:: THE TASK ::
Return the first line of the listing below and all the lines after it through the one containing "張愛忠今年49歲,他有著18", exactly, without pictures.

━━━━━ PROVIDED DATA

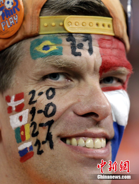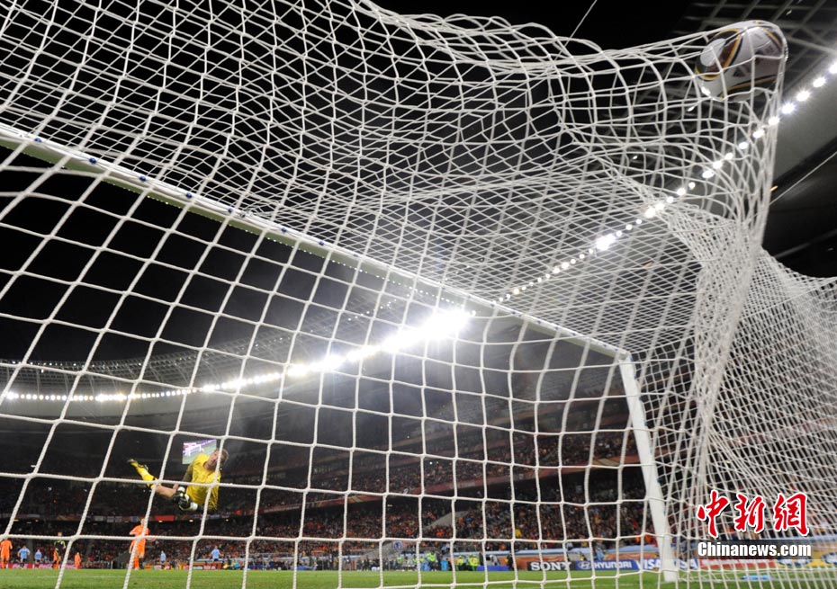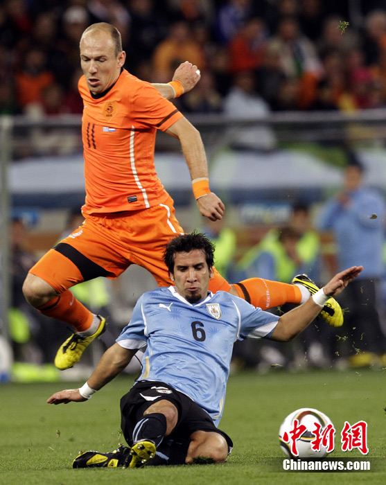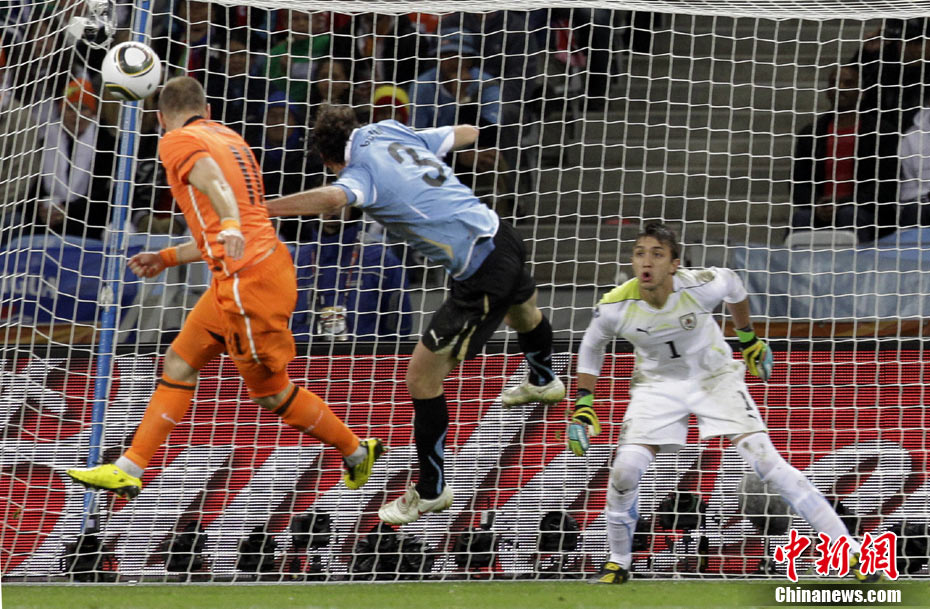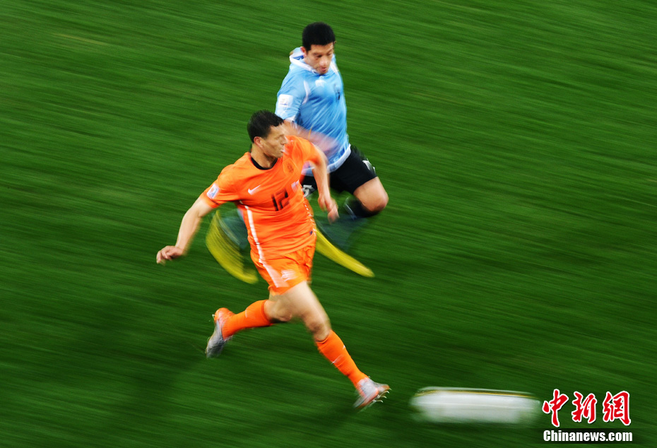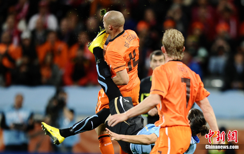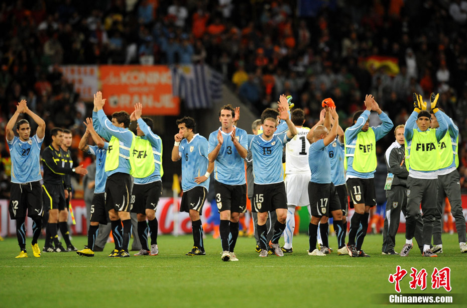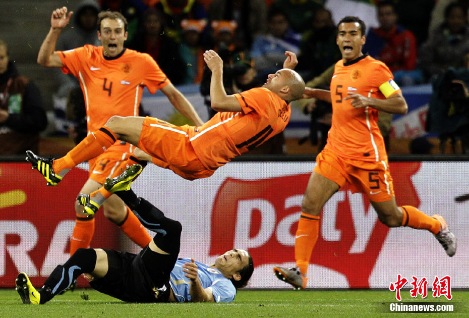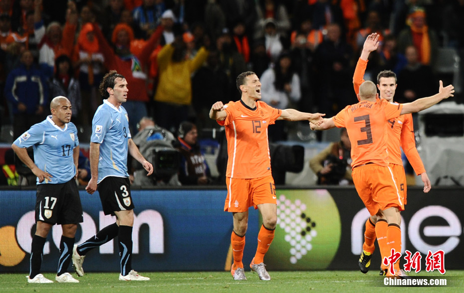 7月7日凌晨2:30,南非世界杯半決賽首場較量在開普敦綠點球場拉開戰(zhàn)幕,由南美老牌勁旅烏拉圭迎戰(zhàn)荷蘭隊。布隆克霍斯特遠(yuǎn)射先拔頭籌,而弗蘭也通過一記遠(yuǎn)射將比分扳平。下半場斯內(nèi)德和羅本連續(xù)進(jìn)球一度令荷蘭隊鎖定勝局,然而補時階段烏拉圭人的進(jìn)球似乎又燃起了最后的希望,但荷蘭隊頂住了對手的瘋狂進(jìn)攻,3-2擊敗烏拉圭隊,成功挺進(jìn)決賽。
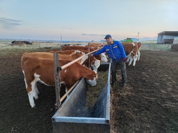 張愛忠今年49歲,他有著18年的養(yǎng)牛經(jīng)驗(yàn),是當(dāng)?shù)氐酿B(yǎng)牛專業(yè)戶。近年來在政策的引導(dǎo)下,張愛忠不斷提升養(yǎng)殖技術(shù)、完善基礎(chǔ)設(shè)施、建立暖棚和青儲窖,引進(jìn)和培育個頭大、肉質(zhì)好的西門塔爾牛。2017年,他注冊登記阿巴嘎旗雲(yún)峰家庭牧場,經(jīng)過幾年的精心飼養(yǎng)和改善引進(jìn),他的肉牛規(guī)模從40頭發(fā)展到200頭。2019年,他的牧場被認(rèn)定為盟級肉?!昂诵娜骸?。
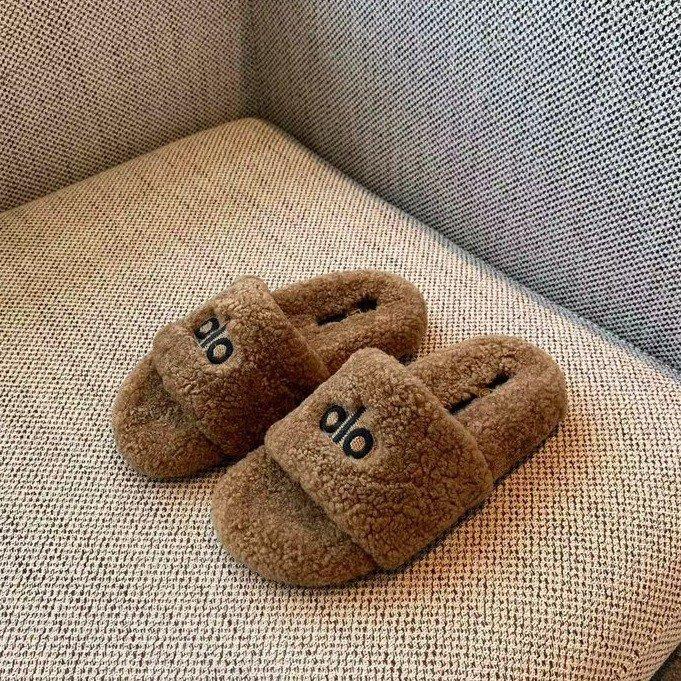 Мягкие тапочки из овечьей шерсти женские 2025 новые для улицы модные универсальные на толстой подошве на одно слово ленивые шерстяные хлопковые тапочки 40 темно-коричневого
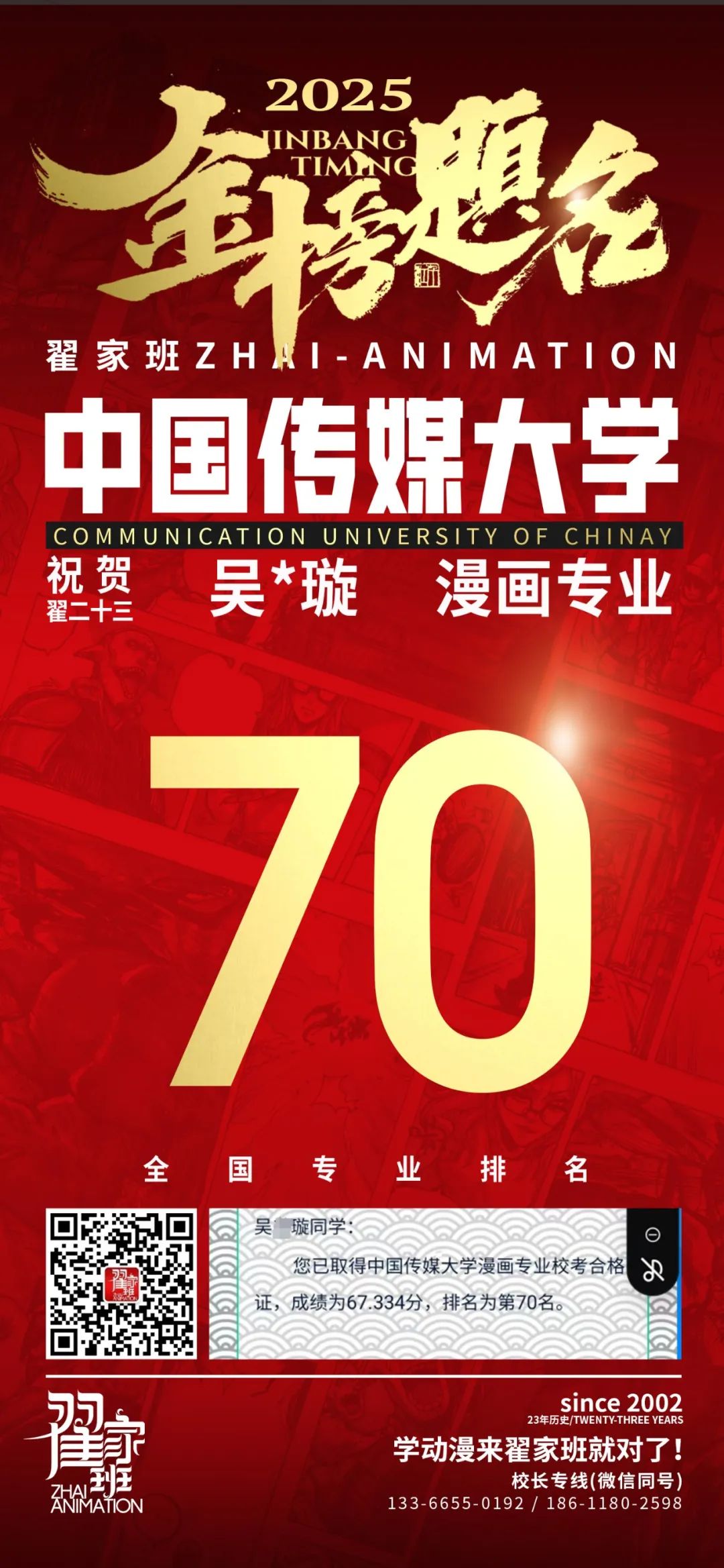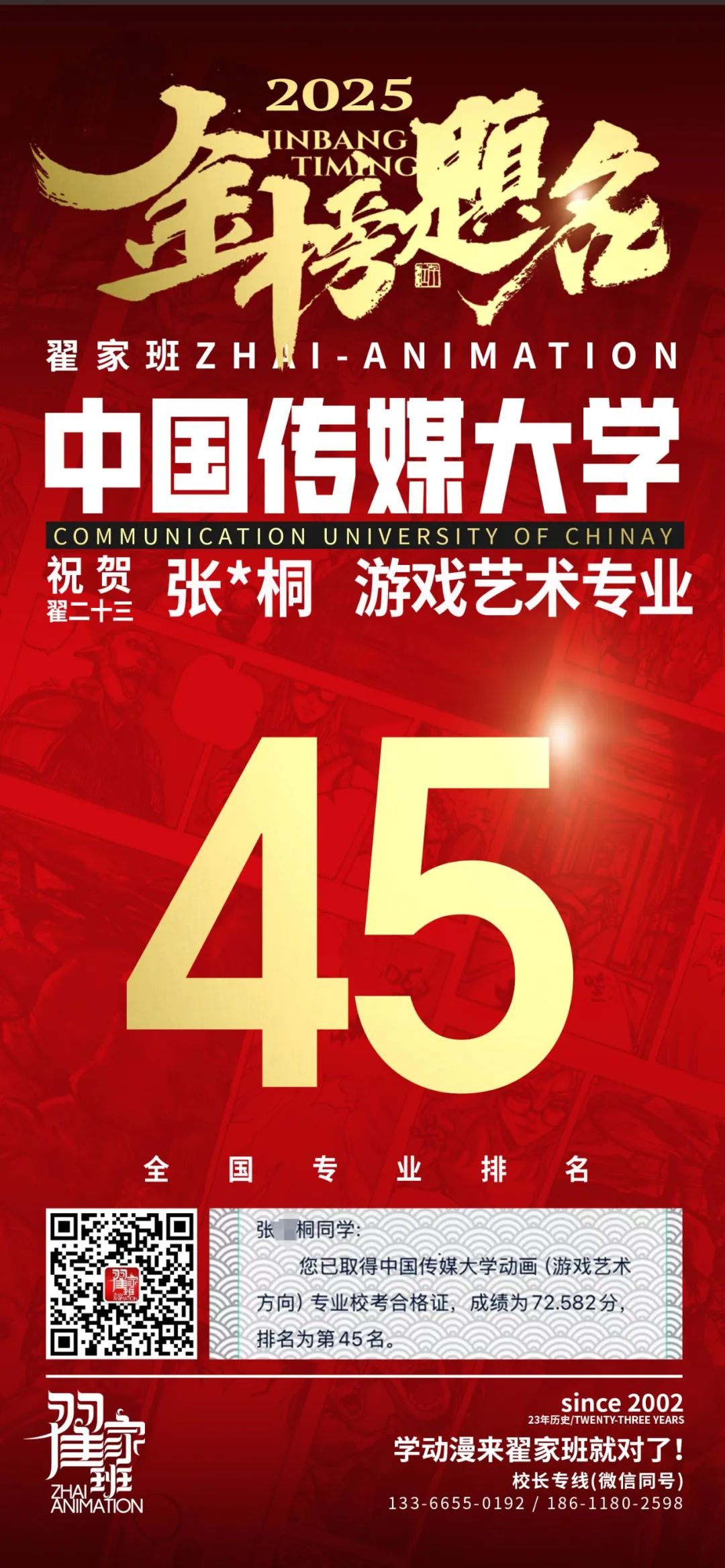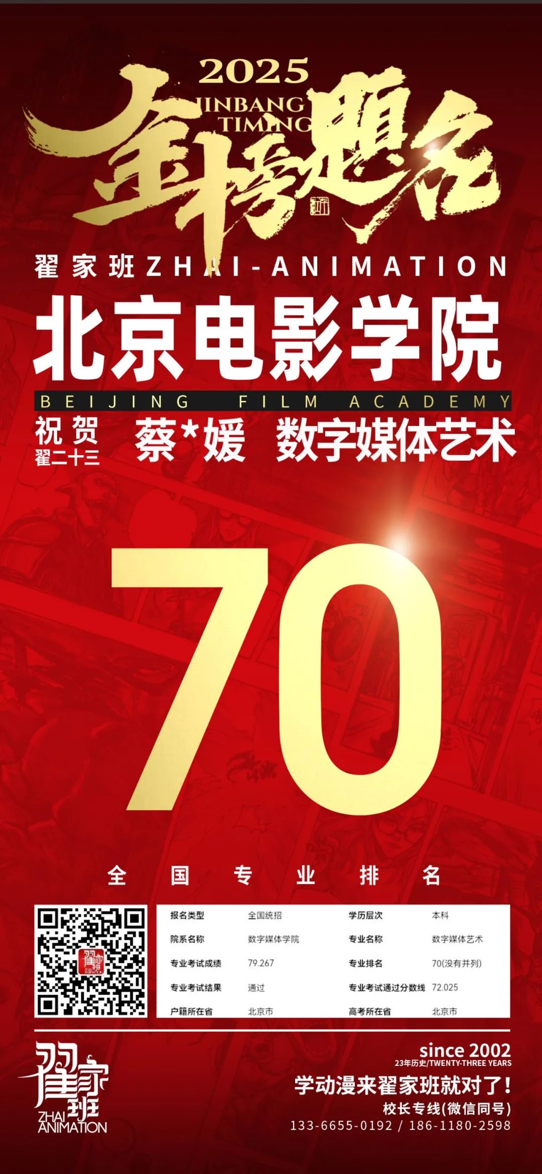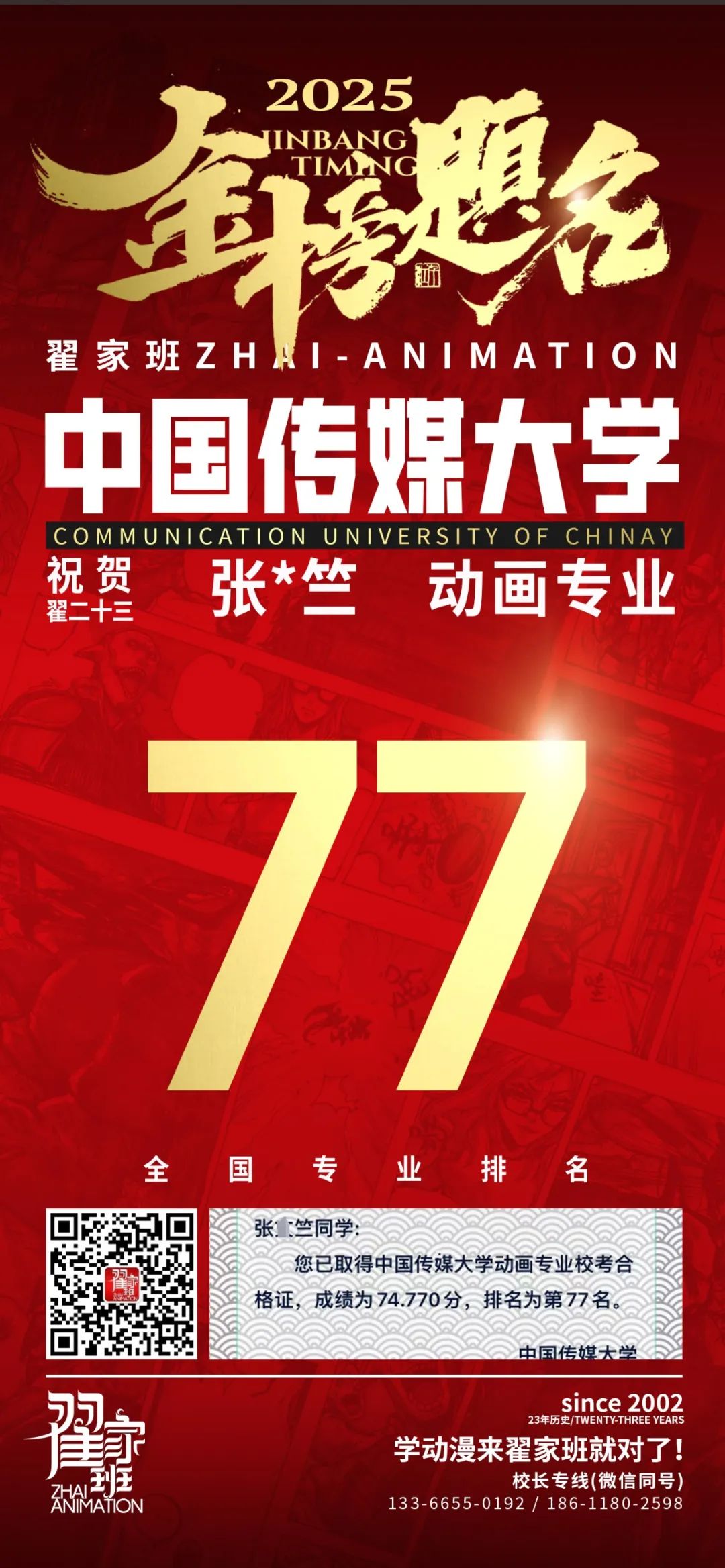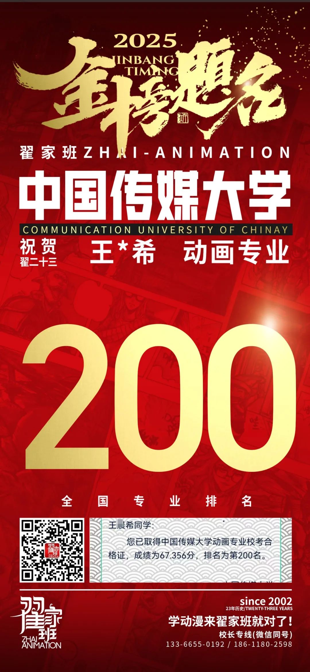 【荣耀战报】2025届动漫翟家班中传&北电校考大捷!

━━━━━━━━━━

:: SOLVED EXERCISE ::
 7月7日凌晨2:30,南非世界杯半決賽首場較量在開普敦綠點球場拉開戰(zhàn)幕,由南美老牌勁旅烏拉圭迎戰(zhàn)荷蘭隊。布隆克霍斯特遠(yuǎn)射先拔頭籌,而弗蘭也通過一記遠(yuǎn)射將比分扳平。下半場斯內(nèi)德和羅本連續(xù)進(jìn)球一度令荷蘭隊鎖定勝局,然而補時階段烏拉圭人的進(jìn)球似乎又燃起了最后的希望,但荷蘭隊頂住了對手的瘋狂進(jìn)攻,3-2擊敗烏拉圭隊,成功挺進(jìn)決賽。
 張愛忠今年49歲,他有著18年的養(yǎng)牛經(jīng)驗(yàn),是當(dāng)?shù)氐酿B(yǎng)牛專業(yè)戶。近年來在政策的引導(dǎo)下,張愛忠不斷提升養(yǎng)殖技術(shù)、完善基礎(chǔ)設(shè)施、建立暖棚和青儲窖,引進(jìn)和培育個頭大、肉質(zhì)好的西門塔爾牛。2017年,他注冊登記阿巴嘎旗雲(yún)峰家庭牧場,經(jīng)過幾年的精心飼養(yǎng)和改善引進(jìn),他的肉牛規(guī)模從40頭發(fā)展到200頭。2019年,他的牧場被認(rèn)定為盟級肉?!昂诵娜骸?。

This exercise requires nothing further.